● PROBLEM
Instruction for the entries below: return the part that opens with the line containing "Deze lichtgroene trui" and closes with the line containing "名葛明昌造 サイズ高さ 約4センチ...", exactly, and no pictures.

● RECORD EXTRACTS
---+---

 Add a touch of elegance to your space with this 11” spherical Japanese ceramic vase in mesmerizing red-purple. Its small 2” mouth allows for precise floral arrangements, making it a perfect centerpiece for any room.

---+---

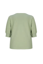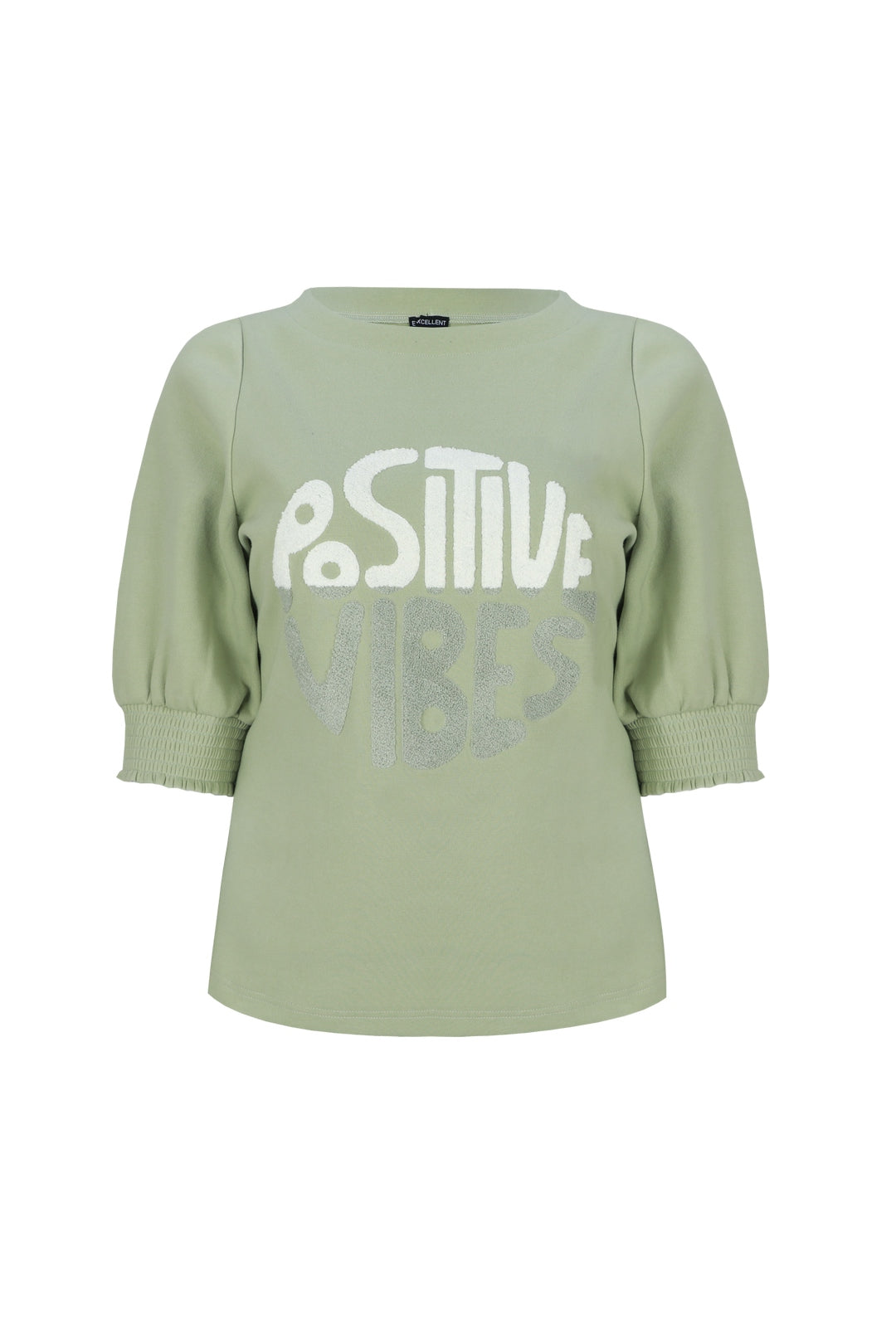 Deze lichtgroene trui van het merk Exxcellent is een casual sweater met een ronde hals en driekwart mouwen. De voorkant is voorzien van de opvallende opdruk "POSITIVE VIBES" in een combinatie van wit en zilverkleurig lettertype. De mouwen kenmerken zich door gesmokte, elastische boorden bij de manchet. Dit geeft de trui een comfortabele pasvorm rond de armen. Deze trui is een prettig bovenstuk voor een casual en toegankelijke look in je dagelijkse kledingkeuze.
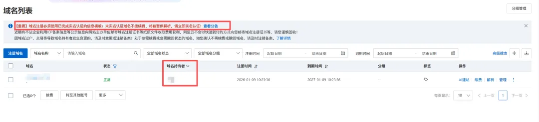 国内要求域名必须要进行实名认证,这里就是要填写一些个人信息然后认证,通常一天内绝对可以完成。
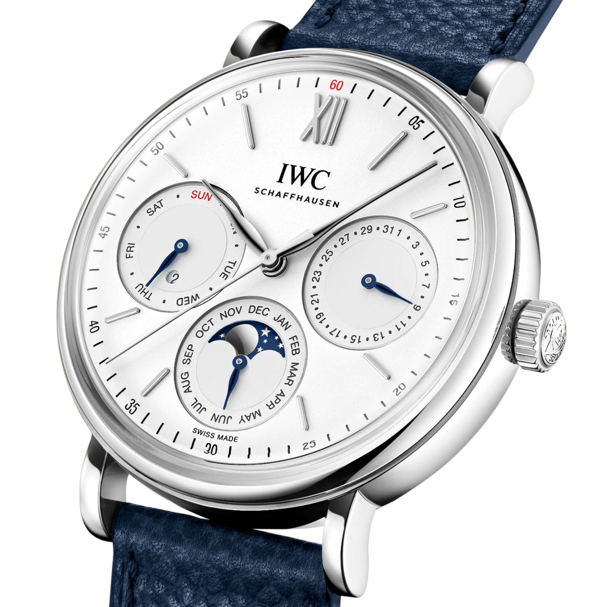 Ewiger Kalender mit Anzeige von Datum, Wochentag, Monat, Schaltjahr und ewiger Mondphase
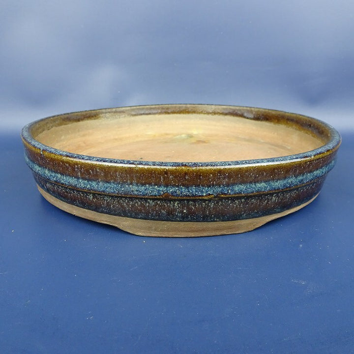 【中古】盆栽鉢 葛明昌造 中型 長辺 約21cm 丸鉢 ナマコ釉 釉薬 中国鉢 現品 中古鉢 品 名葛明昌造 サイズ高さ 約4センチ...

---+---

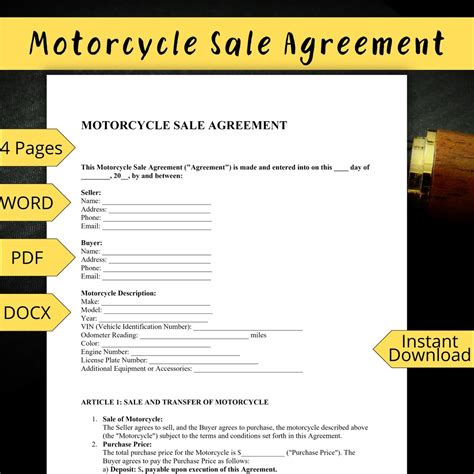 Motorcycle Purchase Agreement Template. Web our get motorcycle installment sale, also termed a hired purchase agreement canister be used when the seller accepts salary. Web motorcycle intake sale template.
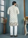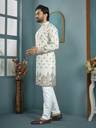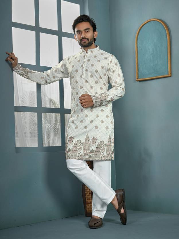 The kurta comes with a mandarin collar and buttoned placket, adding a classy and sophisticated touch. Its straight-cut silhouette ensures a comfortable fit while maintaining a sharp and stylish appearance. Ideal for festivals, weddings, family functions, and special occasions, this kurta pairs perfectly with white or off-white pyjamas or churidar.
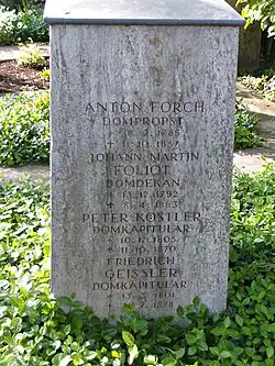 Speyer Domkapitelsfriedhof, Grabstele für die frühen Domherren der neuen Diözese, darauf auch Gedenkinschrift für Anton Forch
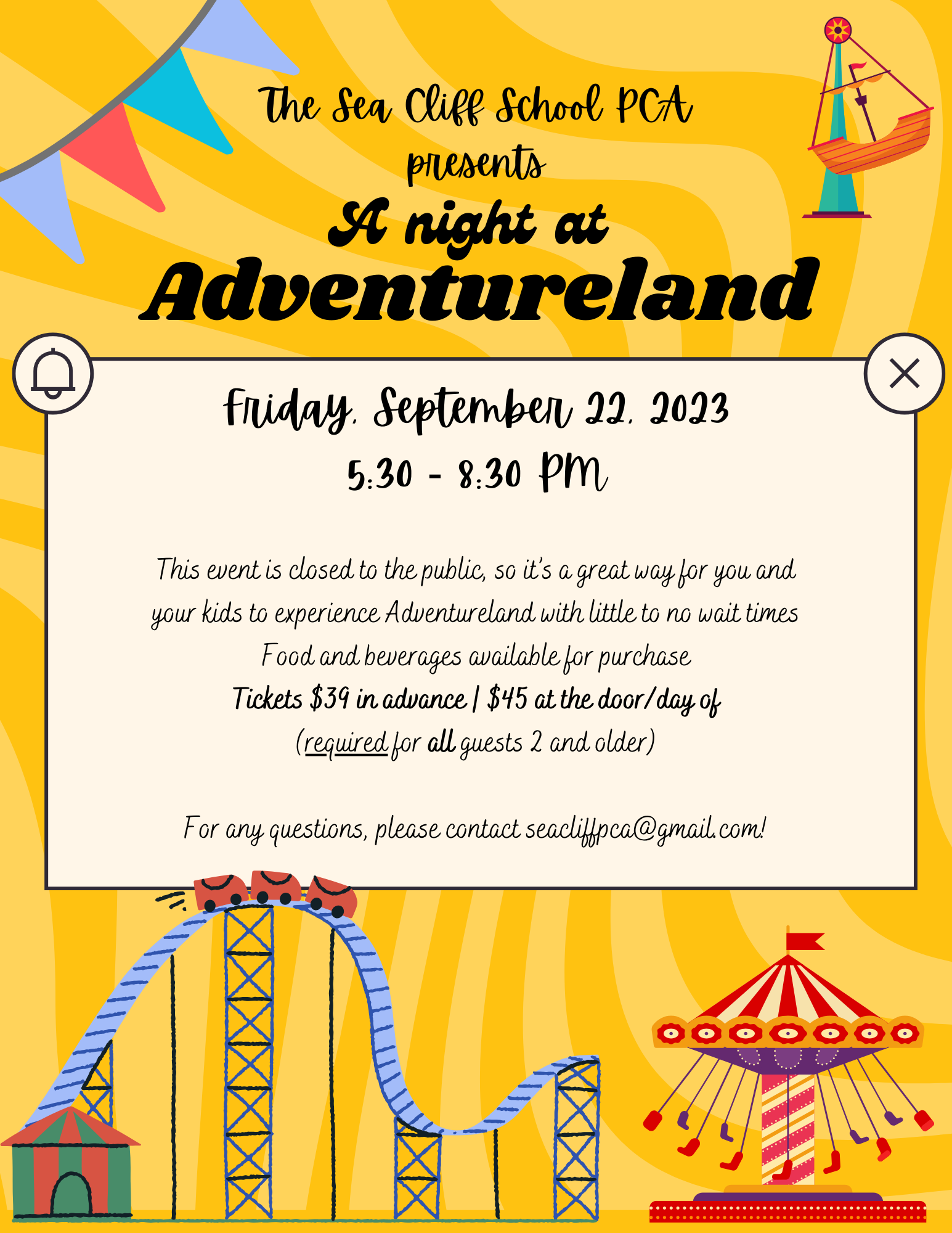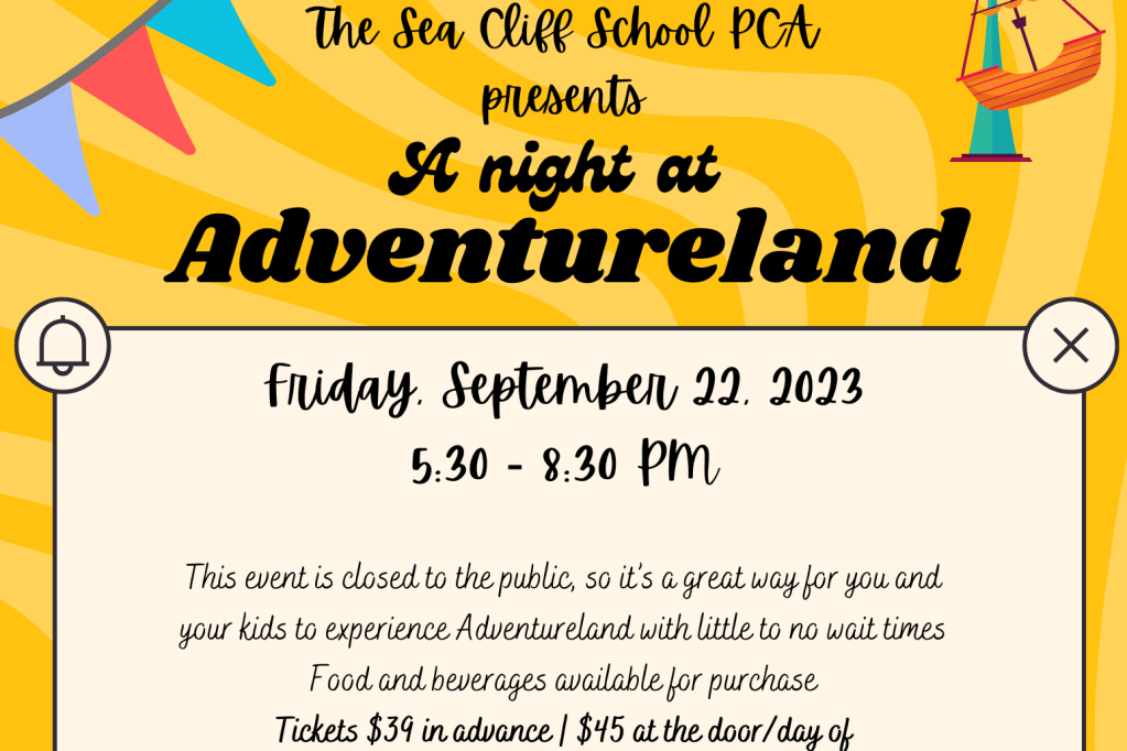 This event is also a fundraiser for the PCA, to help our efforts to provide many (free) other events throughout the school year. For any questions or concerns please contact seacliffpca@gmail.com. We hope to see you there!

---+---

● WRITTEN SOLUTION
 Deze lichtgroene trui van het merk Exxcellent is een casual sweater met een ronde hals en driekwart mouwen. De voorkant is voorzien van de opvallende opdruk "POSITIVE VIBES" in een combinatie van wit en zilverkleurig lettertype. De mouwen kenmerken zich door gesmokte, elastische boorden bij de manchet. Dit geeft de trui een comfortabele pasvorm rond de armen. Deze trui is een prettig bovenstuk voor een casual en toegankelijke look in je dagelijkse kledingkeuze.
 国内要求域名必须要进行实名认证,这里就是要填写一些个人信息然后认证,通常一天内绝对可以完成。
 Ewiger Kalender mit Anzeige von Datum, Wochentag, Monat, Schaltjahr und ewiger Mondphase
 【中古】盆栽鉢 葛明昌造 中型 長辺 約21cm 丸鉢 ナマコ釉 釉薬 中国鉢 現品 中古鉢 品 名葛明昌造 サイズ高さ 約4センチ...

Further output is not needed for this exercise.